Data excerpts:

__________

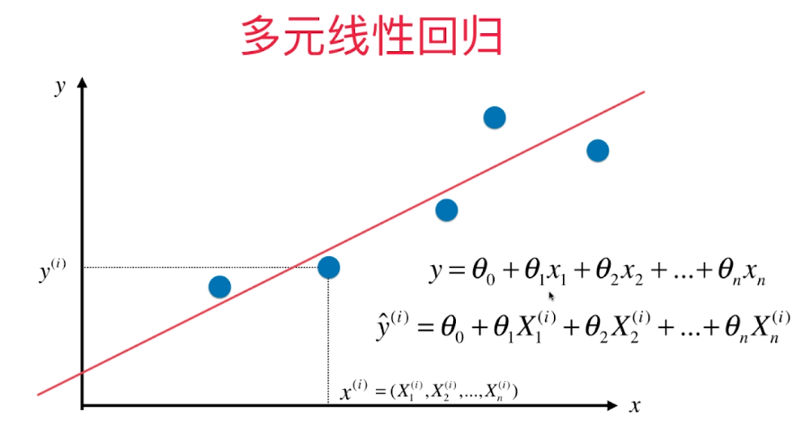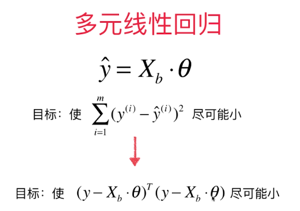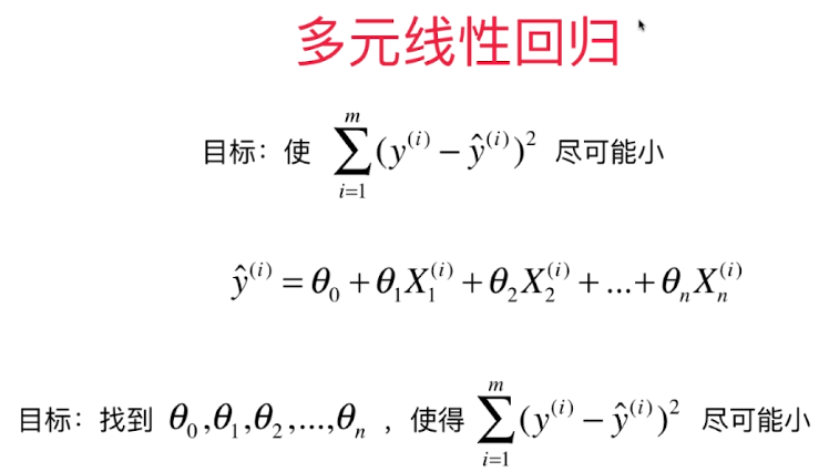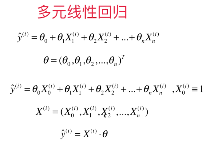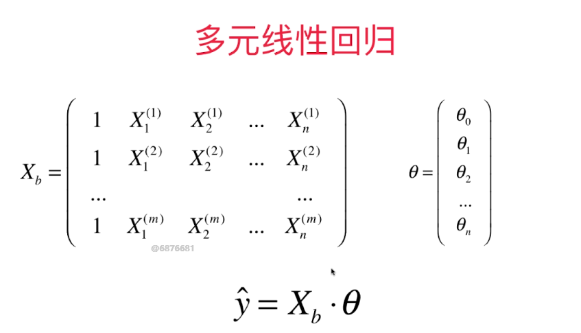 那么y_hat就可以写成上图的形式,算上截距在内,一共有n+1个需要预测的值。其实多元线性回归和简单线性回归是很类似的,只是预测值增加了。
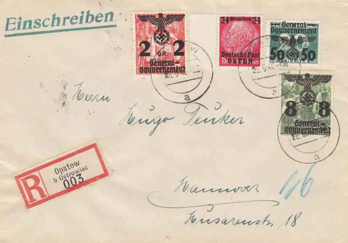 GG: Einschreiben Opatow nach Hannover, portogerecht
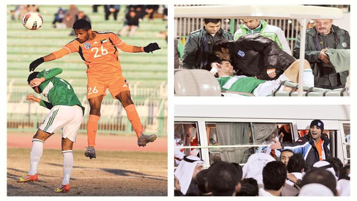 وخسر العربي جهود محترفه النجمي بعد اصابته نتيجة مشاركة يوسف ناصر معه في الشوط الثاني.
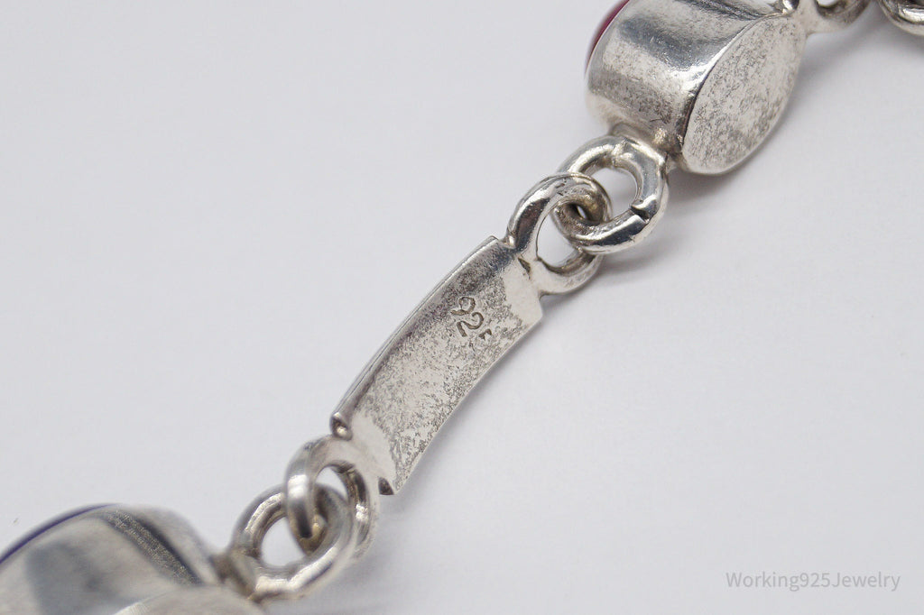 Vintage Smoky Topaz Amethyst & Pink Stone Sterling Silver Toggle Bracelet 7 5/8"
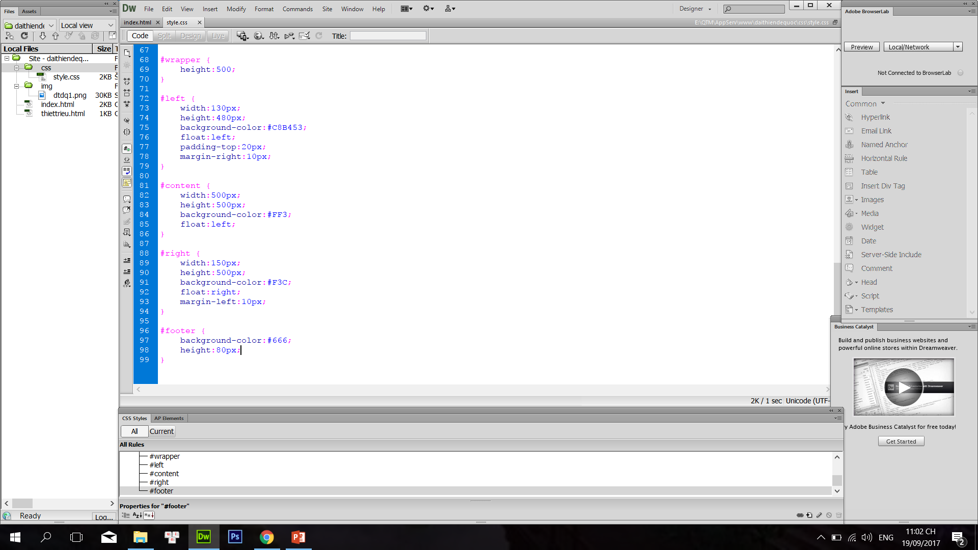 Khi bạn đặt thuộc tính float cho các thành phần thì các thành phần sau nó cũng bị ảnh hưởng. Ví dụ foat: left thì cái sau nó sẽ dồn lên chẳng hạn. Và #footer của bạn trong trường hợp này bị ảnh hưởng bởi #right.

__________

ASSIGNMENT | Leave out the pictures and copy exactly the lines from the one with "Vintage Smoky Topaz" through the last line of the records above.

SOLUTION TO THIS EXERCISE |
 Vintage Smoky Topaz Amethyst & Pink Stone Sterling Silver Toggle Bracelet 7 5/8"
 Khi bạn đặt thuộc tính float cho các thành phần thì các thành phần sau nó cũng bị ảnh hưởng. Ví dụ foat: left thì cái sau nó sẽ dồn lên chẳng hạn. Và #footer của bạn trong trường hợp này bị ảnh hưởng bởi #right.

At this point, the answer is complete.